-------- TASK MATERIAL

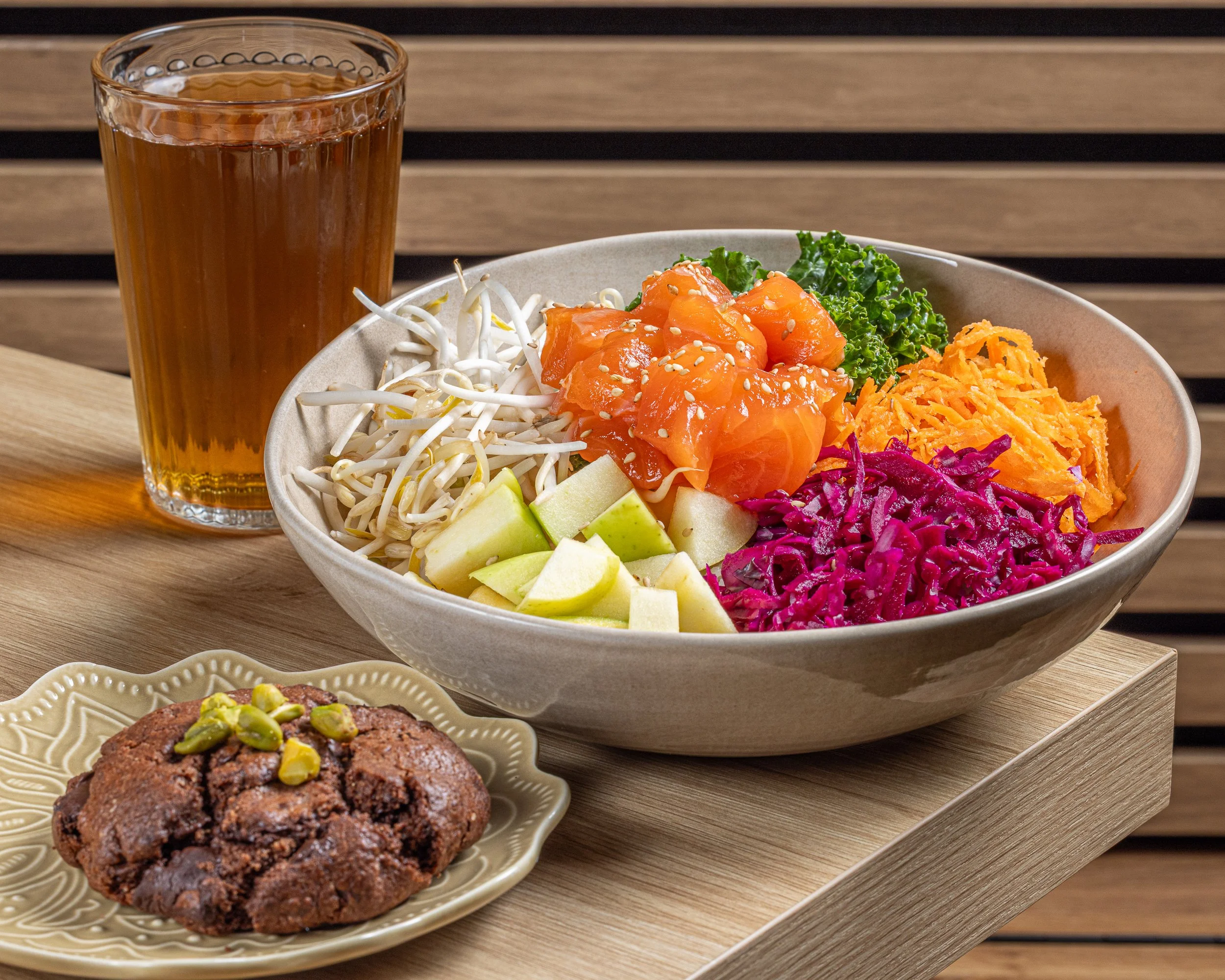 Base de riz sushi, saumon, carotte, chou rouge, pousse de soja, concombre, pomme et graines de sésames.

----------------
-------- TASK MATERIAL

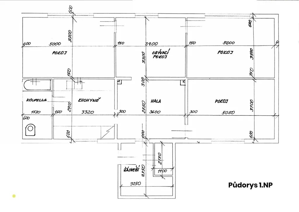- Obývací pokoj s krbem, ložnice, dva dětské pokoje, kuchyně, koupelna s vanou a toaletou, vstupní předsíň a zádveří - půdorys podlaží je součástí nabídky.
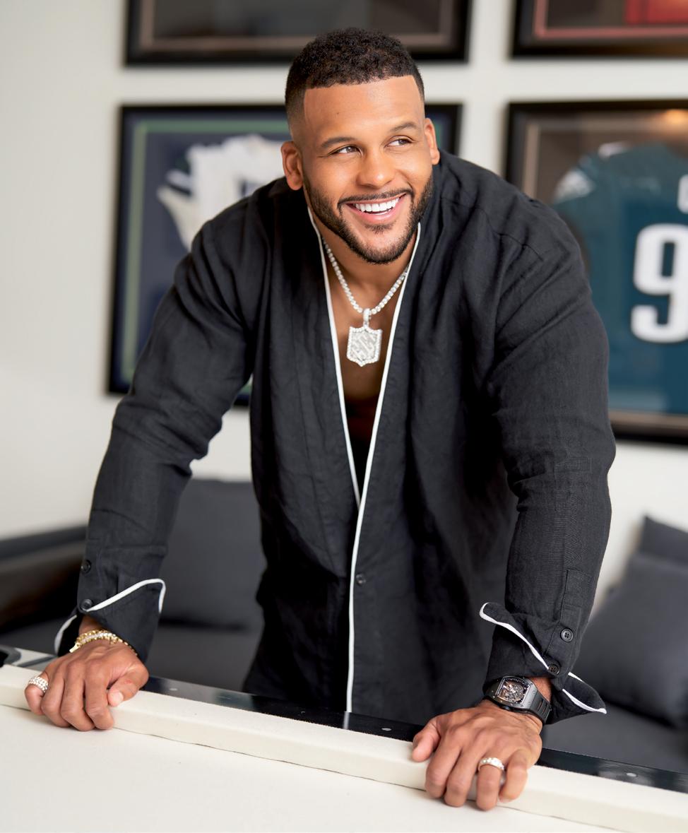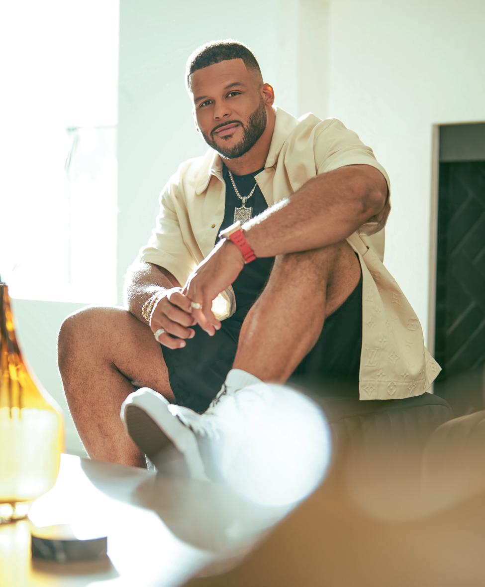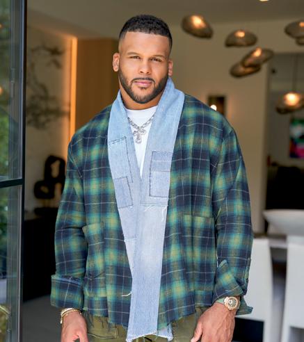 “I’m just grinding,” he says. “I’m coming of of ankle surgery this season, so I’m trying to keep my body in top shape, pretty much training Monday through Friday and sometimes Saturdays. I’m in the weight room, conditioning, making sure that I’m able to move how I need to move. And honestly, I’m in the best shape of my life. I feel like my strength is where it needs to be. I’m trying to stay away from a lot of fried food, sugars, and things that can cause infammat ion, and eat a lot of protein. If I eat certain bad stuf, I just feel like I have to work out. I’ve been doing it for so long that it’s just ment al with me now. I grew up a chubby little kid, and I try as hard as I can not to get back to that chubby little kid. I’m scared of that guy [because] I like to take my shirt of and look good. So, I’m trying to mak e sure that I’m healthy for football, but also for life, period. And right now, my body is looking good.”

----------------

WORK ITEM: With the pictures left out, write out exactly the lines above from the one containing "- Obývací pokoj" through the one containing "coming of of".

FINAL ANSWER:
- Obývací pokoj s krbem, ložnice, dva dětské pokoje, kuchyně, koupelna s vanou a toaletou, vstupní předsíň a zádveří - půdorys podlaží je součástí nabídky.
 “I’m just grinding,” he says. “I’m coming of of ankle surgery this season, so I’m trying to keep my body in top shape, pretty much training Monday through Friday and sometimes Saturdays. I’m in the weight room, conditioning, making sure that I’m able to move how I need to move. And honestly, I’m in the best shape of my life. I feel like my strength is where it needs to be. I’m trying to stay away from a lot of fried food, sugars, and things that can cause infammat ion, and eat a lot of protein. If I eat certain bad stuf, I just feel like I have to work out. I’ve been doing it for so long that it’s just ment al with me now. I grew up a chubby little kid, and I try as hard as I can not to get back to that chubby little kid. I’m scared of that guy [because] I like to take my shirt of and look good. So, I’m trying to mak e sure that I’m healthy for football, but also for life, period. And right now, my body is looking good.”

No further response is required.